The host Canadians entered the tournament in eighth spot. On Friday, they dropped to 11th.
Only Spain (No. 19, down five) fell further than Canada in the women's top 50.
The Canadian men are currently ranked 103rd by FIFA, having climbed six spots in the most recent rankings.
The U.S. women moved up one spot to top the rankings, changing places with Germany. The Americans thumped Japan 5-2 in Sunday's final in Vancouver to collect the top prize in women's soccer for the first time in 16 years.
France, ousted by Germany in the quarter-finals, remained at No. 3 while Japan was unchanged at No. 4
England, which ousted Canada 2-1 in the quarter-finals, moved up a place to an all-time high of fifth after its best Women's World Cup showing. The Lionesses beat Germany in the third-place game.
In releasing the new rankings, FIFA pointed to Canada managing just two wins against lesser-ranked opposition (China and Switzerland) in five games at the tournament.
The rest of the top 10 was Brazil (up one), Sweden (down two), North Korea (unchanged), Australia (up one) and Norway (up one).

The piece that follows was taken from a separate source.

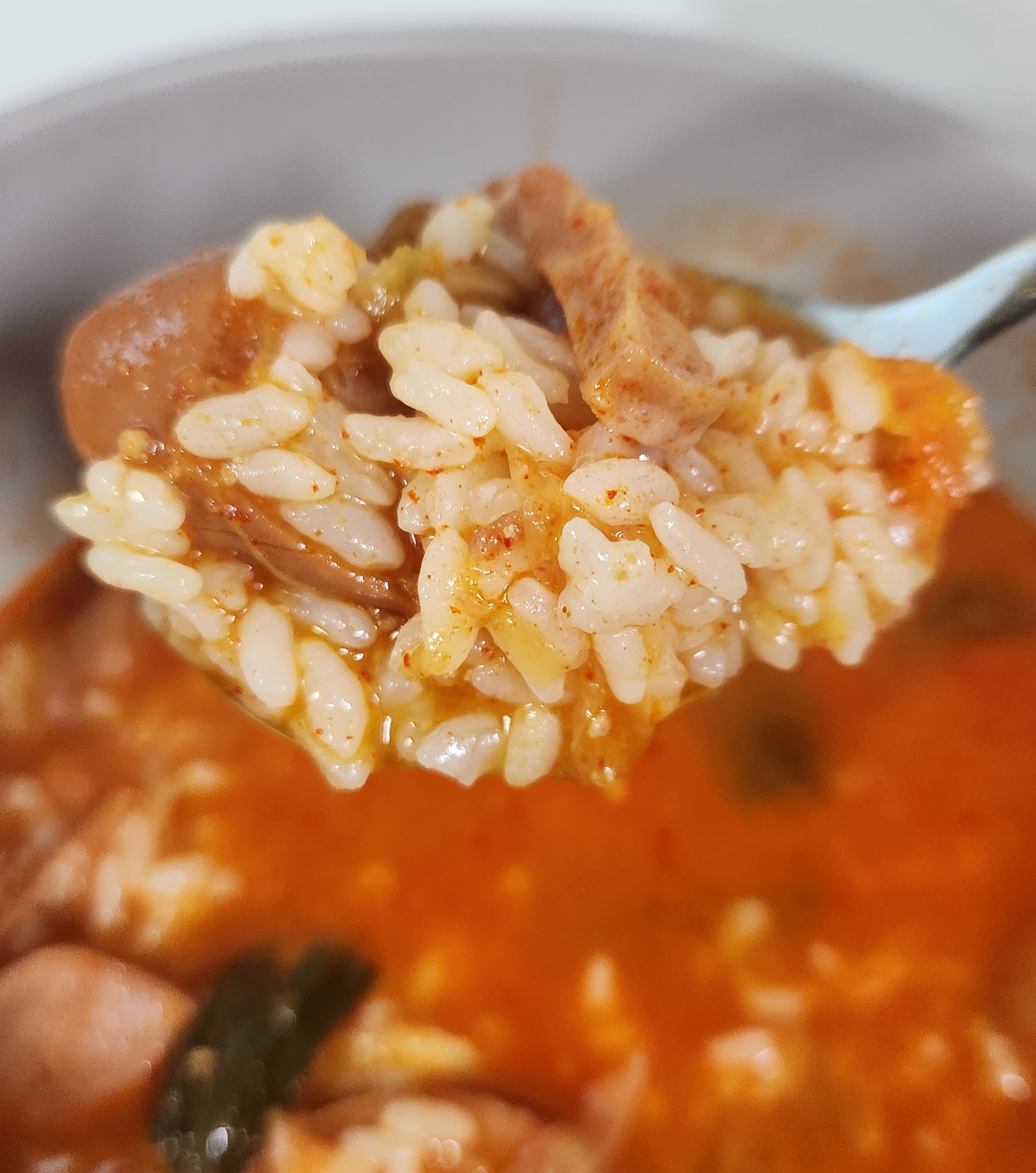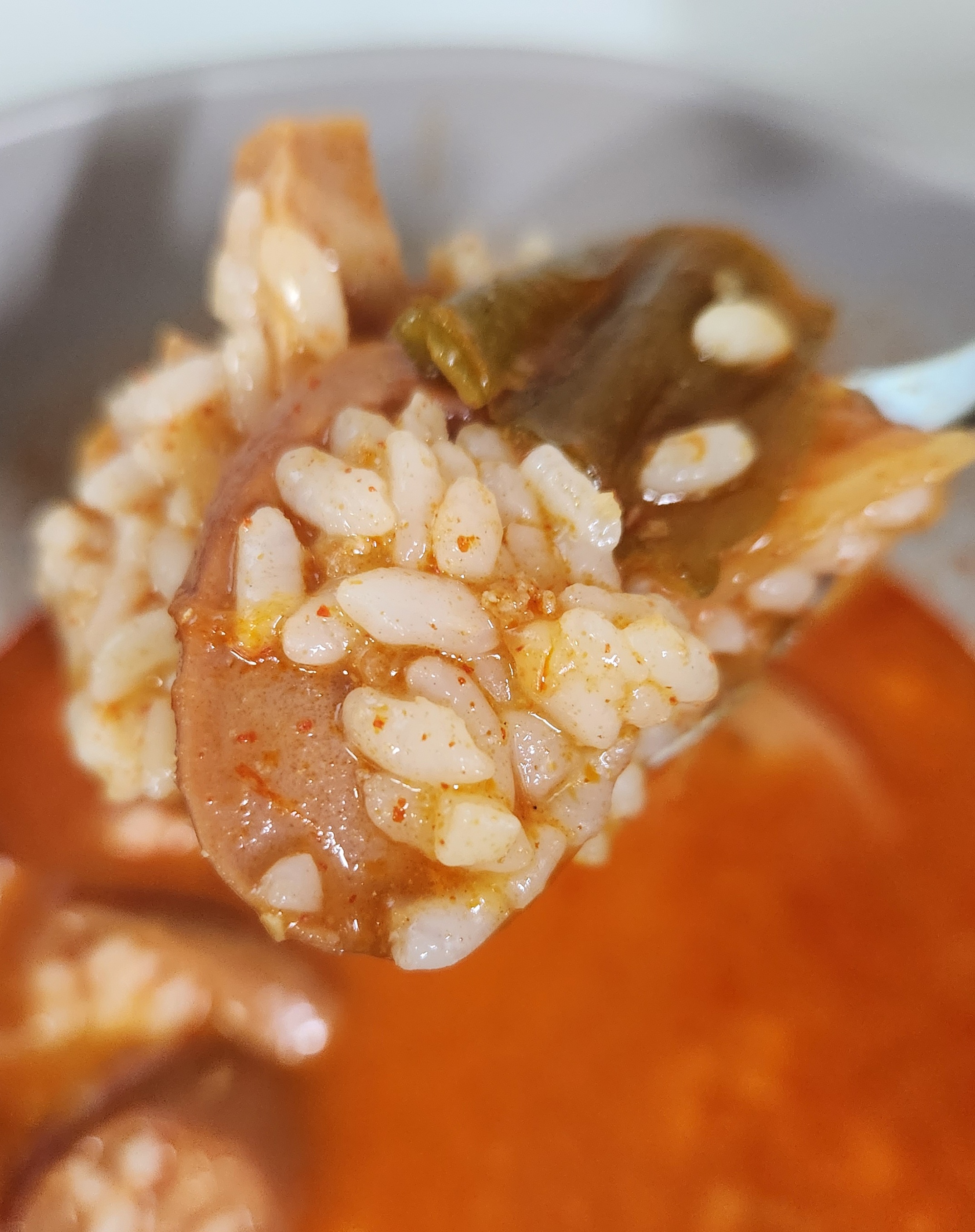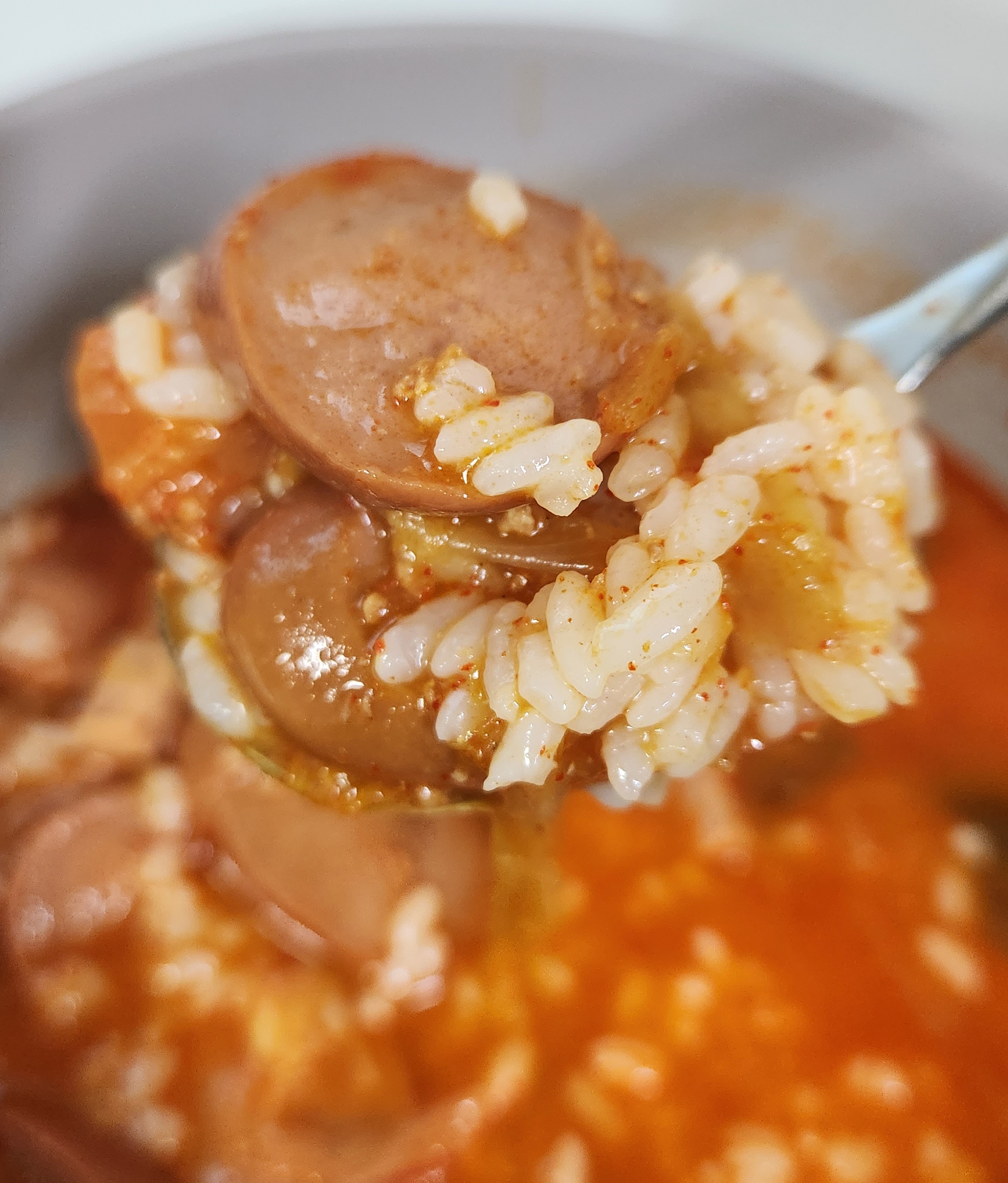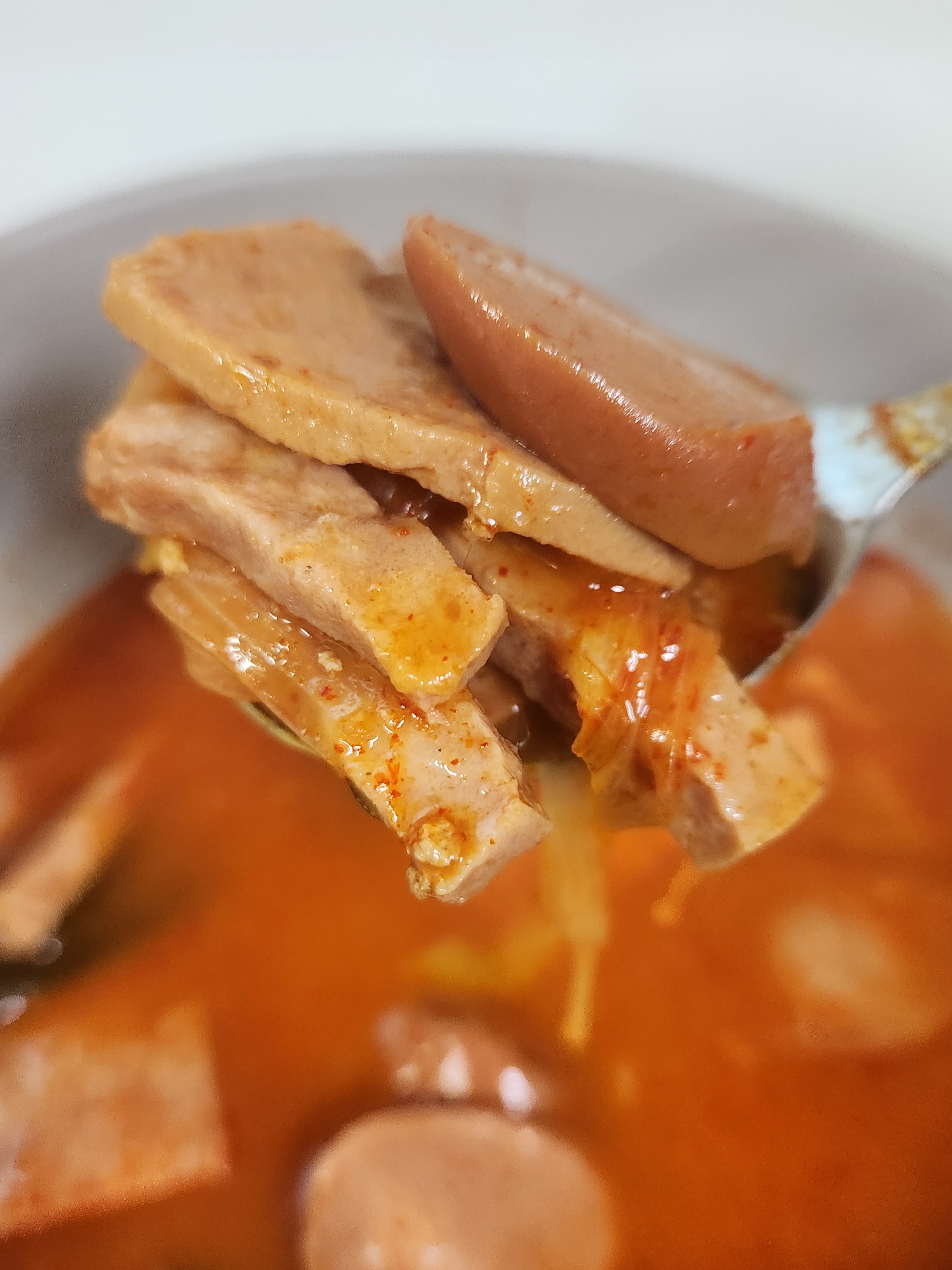 밥을 말아서 한 숟가락에 햄과 소시지를 평균 2개씩 얹어서 얼큰한 국물과 같이 먹을 수 있으니 특별히 다른 반찬과 같이 먹을 필요 없이 한 끼를 훌륭하게 해치울 수 있었다. 이런 즉석조리식품 대부분이 1인분이라고 표시해두지만 먹는 양에 따라서 충분히 2인분으로 먹을 수도 있으니 식비를 줄이고자 한다면 다른 반찬들과 함께 밥을 먹는다면 이 부대찌개를 2인분으로 나눠서 먹을 수도 있겠다.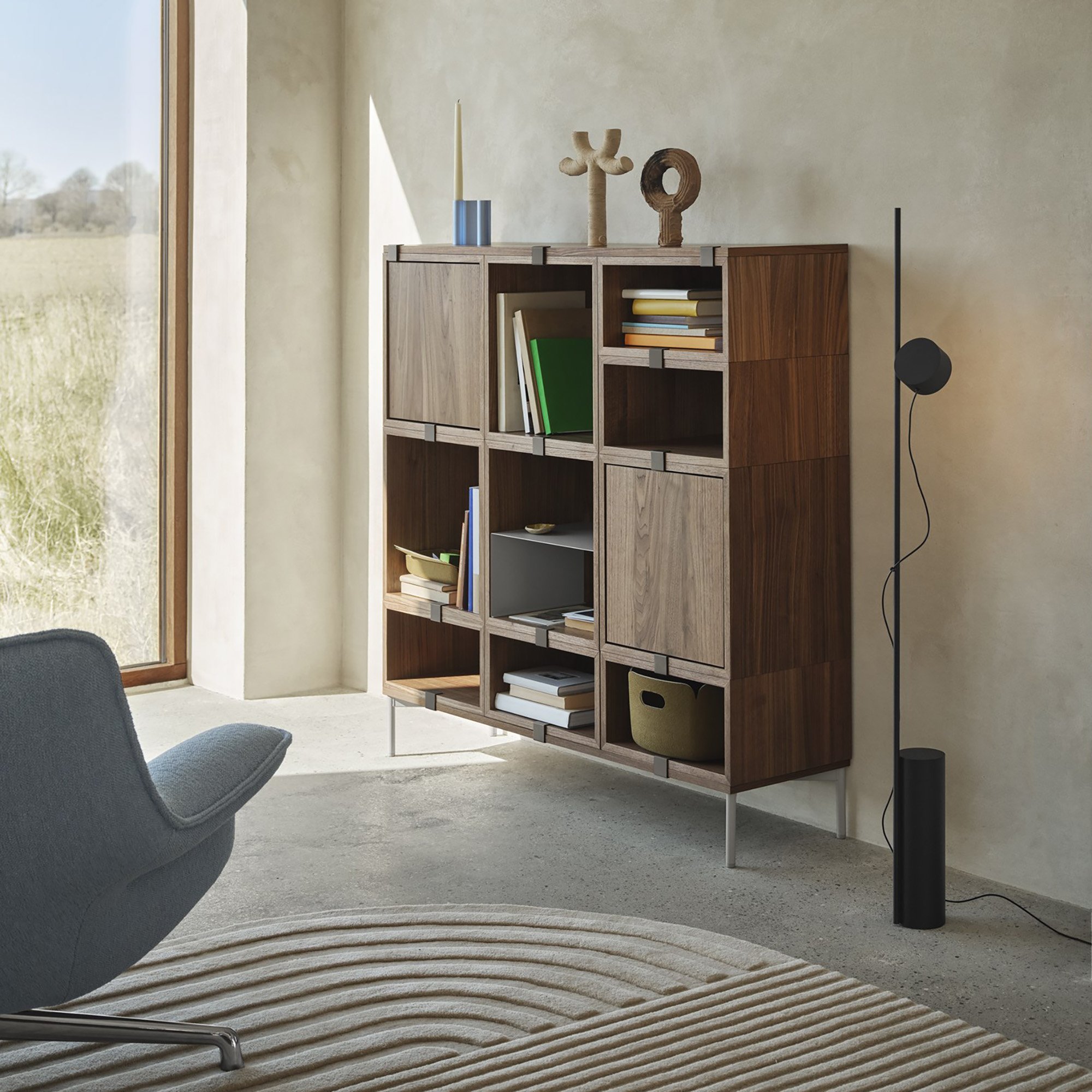 A base with feet makes a Muuto Stacked shelving unit an almost free-floating construction (whether half-height or high) that does not have to be attached to the wall - but can be.

Colombia (No. 25, up 3), Costa Rica (No. 34, up 3) and Cameroon (No. 43, up 10) joined England in reaching a career high.
Cameroon, which rose the most in the new rankings, beat higher-ranked teams in Ecuador and Switzerland at the World Cup and only lost by one goal to Japan and China.
The teams who fell the most were Ecuador (No. 54, down 6) and Zimbabwe (No. 104, down 6)
Six teams (Indonesia, Congo, Moldova, Kyrgyzstan, Gabon and Kenya) re-entered the ranking after long periods of inactivity. Singapore and Lesotho dropped out.
That brings the number of teams ranked to 141, the most since December 2007.
The next women's ranking will be published Sept. 25.